### TASK DETAILS:
Exclude images; transcribe the rest of the data exactly.
[DATA EXTRACT — start]
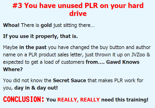 Then there are some who buy PLR products and make no money from them. That could be because they go into that forgotten folder, labelled PLR , never to be seen again. Or maybe they just change the buy button & name on the sales page and expect customers to come from nowhere.
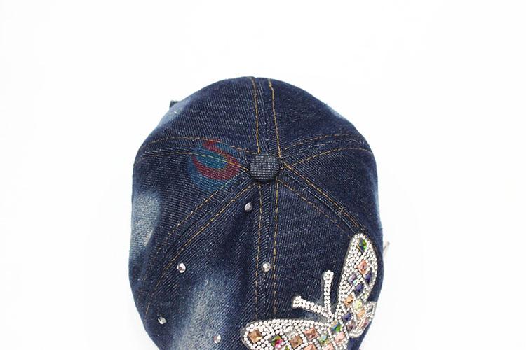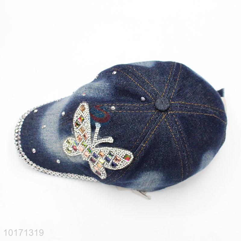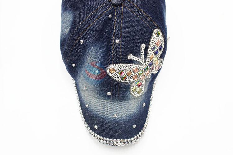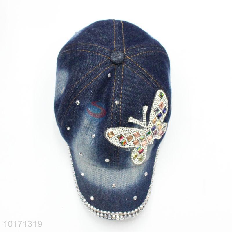Washed Baseball Cap Butterfly Rhinestone Pattern Denim Hats
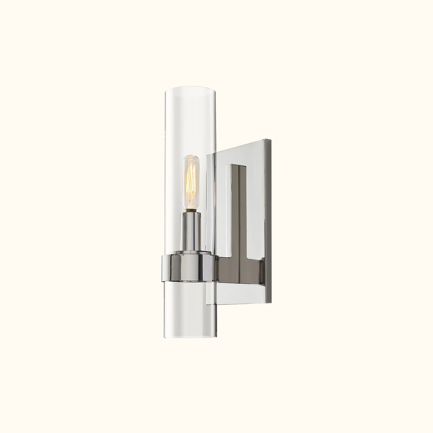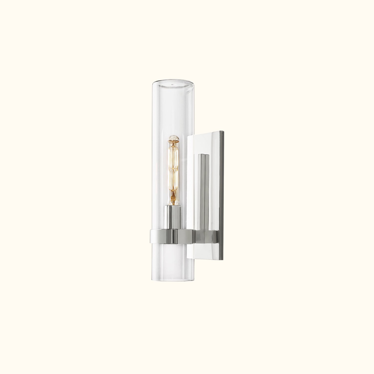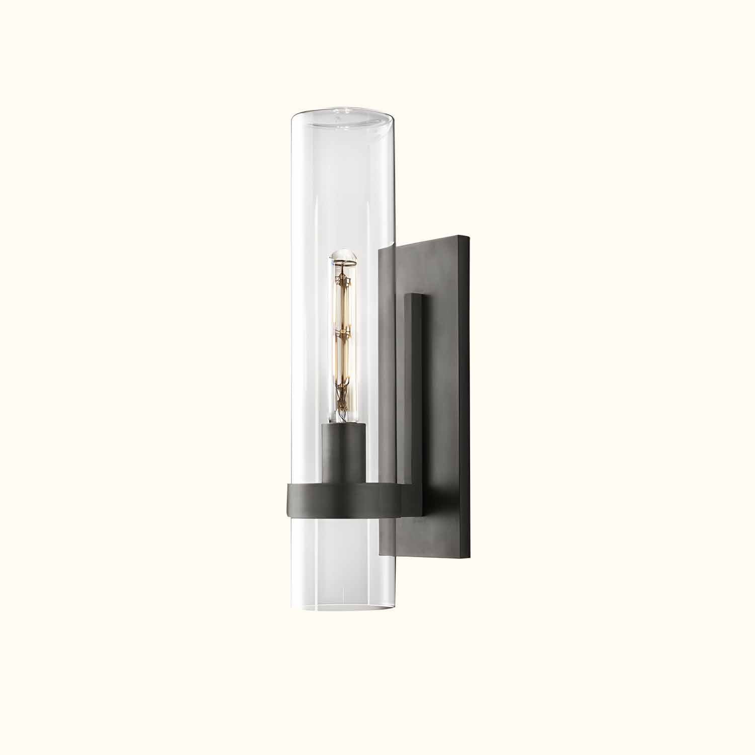 In this collection designed by a renowned lighting designer, Art Deco forms are reimagined with a modern minimalist sensibility. Crafted from solid steel, unadorned metal bands hold the slender glass cylinders in place, achieving a state of perfect balance. Inside each cylinder, Edison bulbs glow like flickering candles.
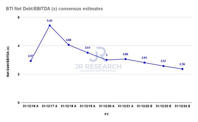 BAT Net debt/EBITDA consensus estimates (S&P Cap IQ)
[DATA EXTRACT — finish]
### SOLUTION FOR THIS EXERCISE:
 Then there are some who buy PLR products and make no money from them. That could be because they go into that forgotten folder, labelled PLR , never to be seen again. Or maybe they just change the buy button & name on the sales page and expect customers to come from nowhere.
Washed Baseball Cap Butterfly Rhinestone Pattern Denim Hats
 In this collection designed by a renowned lighting designer, Art Deco forms are reimagined with a modern minimalist sensibility. Crafted from solid steel, unadorned metal bands hold the slender glass cylinders in place, achieving a state of perfect balance. Inside each cylinder, Edison bulbs glow like flickering candles.
 BAT Net debt/EBITDA consensus estimates (S&P Cap IQ)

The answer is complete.